Haidmühle (dpa) - Martina Saliger ist einfach nur glücklich. Der glitzernde Schnee, der stahlblaue Himmel, dazu die herrliche Umgebung des Bayerischen Waldes, was will ich mehr", begeistert sich die 47- Jährige. Sie ist zusammen mit ihrem Mann für ein paar Tage aus dem fränkischen Allersberg zum Ausspannen in den Wintersportort Haidmühle an der bayerisch-tschechischen Grenze gefahren. Als sie losfuhren, wussten sie freilich noch nicht, dass sie sich für einen Kurztrip in Deutschlands derzeit kältester bewohnter Ecke entschieden hatten. Mit minus 29,1 Grad erlebte das 1500-Einwohner-Dorf am Dienstagmorgen den bisher niedrigsten Wert in diesem Jahr. Und im Eisschrank" der Deutschen sind sie froh darüber.

Kälte sind die Bewohner und Gäste des staatlich anerkannten Erholungsortes gewöhnt. Bei uns entspringt die Kalte Moldau", klärt Haidmühles Bürgermeister Fritz Gibis auf, und die heißt nicht umsonst so." Der zwischen gut 800 und 1000 Meter hoch gelegene Ferienort mag es gern frostig, und so macht zumindest den Einheimischen die extreme Kälte nicht zu schaffen. Unsere Schulkinder gehen auch bei minus 20 Grad in der Pause regelmäßig ins Freie", sagt Rektor Erich Dorner. Wir schauen lediglich darauf, dass sie ihre Schneeanzüge anziehen und eine Kopfbedeckung tragen." Die Klassenzimmer seien warm eingeheizt.

Für Manuel Schrottenbaum aus der 3. Klasse sind zweistellige Minusgrade nichts Besonderes. Mir ist die Kälte egal", sagt der Neunjährige cool und freut sich schon, dass er und seine Freunde am nächsten Tag an der Schneeburg im Pausenhof weiterbauen dürfen. Nur Schneeballschlachten sind leider verboten."

Die Kälte ist das Markenzeichen von Haidmühle mit seinen dazugehörigen Ortsteilen Frauenberg und Bischofsreut. Wir haben 70 Kilometer gespurte Loipen, 34 Kilometer Winterwanderwege und drei Skilifte", preist Gerlinde Madl von der Tourismusverwaltung die Vorzüge der Bayerwald-Gemeinde an. Die über 1200 Gästebetten sind vor allem in der kalten Jahreszeit gut ausgelastet. 2005 wurden 116000 Übernachtungen gezählt.

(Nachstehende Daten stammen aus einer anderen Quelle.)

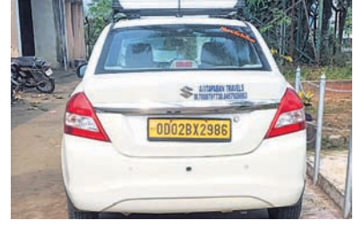
ମୃତଦେହ ନେବାରେ ବ୍ୟବହୃତ ହୋଇଥିବା ଜବତ କାର୍ ।

Einen klangvollen Namen hat Haidmühle auch bei den Hundeschlittenfreunden. Zum jährlichen Internationalen Schlittenhunderennen kommen an die 150 Teilnehmer mit 1500 Huskies in den Ort. Dann haben wir mehr Hunde als Einwohner", scherzt Bürgermeister Gibis.

Grund für die große Kälte ist nach Angaben von Meteorologen die besondere geographische Lage des Wintersportortes in einer Senke. Die schwere kalte Luft fließt entlang der Hänge in die Senke ab und bildet einen Kaltluftsee", erklärt Martin Puchegger vom Wetterdienst Meteomedia.

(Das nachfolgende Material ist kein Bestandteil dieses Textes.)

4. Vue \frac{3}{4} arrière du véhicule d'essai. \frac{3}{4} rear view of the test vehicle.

Enzi Maier vom Hotel Haidmühler Hof kann dem strengen Frost ebenfalls nur Gutes abgewinnen. Wir leben von der Kälte", erläutert die Inhaberin des 70-Betten-Wellness-Hauses. Schneeschuhwandern, Langlaufkurse, Schnupperkurse mit Schlittenhunden - alles dreht sich bei uns um den Schnee." Und wenn bei knapp minus 30 Grad das Auto eines Gastes einmal nicht anspringt, ist der Hausmeister mit dem Starthilfekabel zur Stelle. Ihre Urlauber nähmen die Kapriolen des extrem kalten Winters gelassen, versichert die Hotelchefin am Mittag mit einem prüfenden Blick aufs Thermometer: Jetzt hat es immer noch minus 20 Grad."

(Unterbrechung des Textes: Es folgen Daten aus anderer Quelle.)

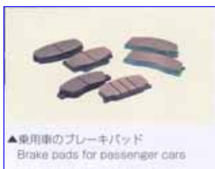
▲乗用車のブレーキパッド Brake pads for passenger cars

Diese Minusgrade gelten in Haidmühle als gerade richtig für eine gemütliche Fahrt mit dem Pferdeschlitten. Im Witikohof, einem von der Diözese Passau getragenen behindertengerecht ausgebauten Hotel, werden nach dem Mittagessen die Vorbereitungen dafür getroffen. Wir statten unsere Rollstuhlfahrer mit warmen Decken und heißem Tee aus, und dann geht's ab im Pferdeschlitten in den Wald", erzählt Geschäftsführer Hermann Müller. Im Rollstuhl sitzen und bei klirrender Kälte Wintersport treiben schließen sich für den Hotelchef nicht aus. Was meinen Sie, welche Freude unsere Rollis beim Skikurs auf der Piste haben."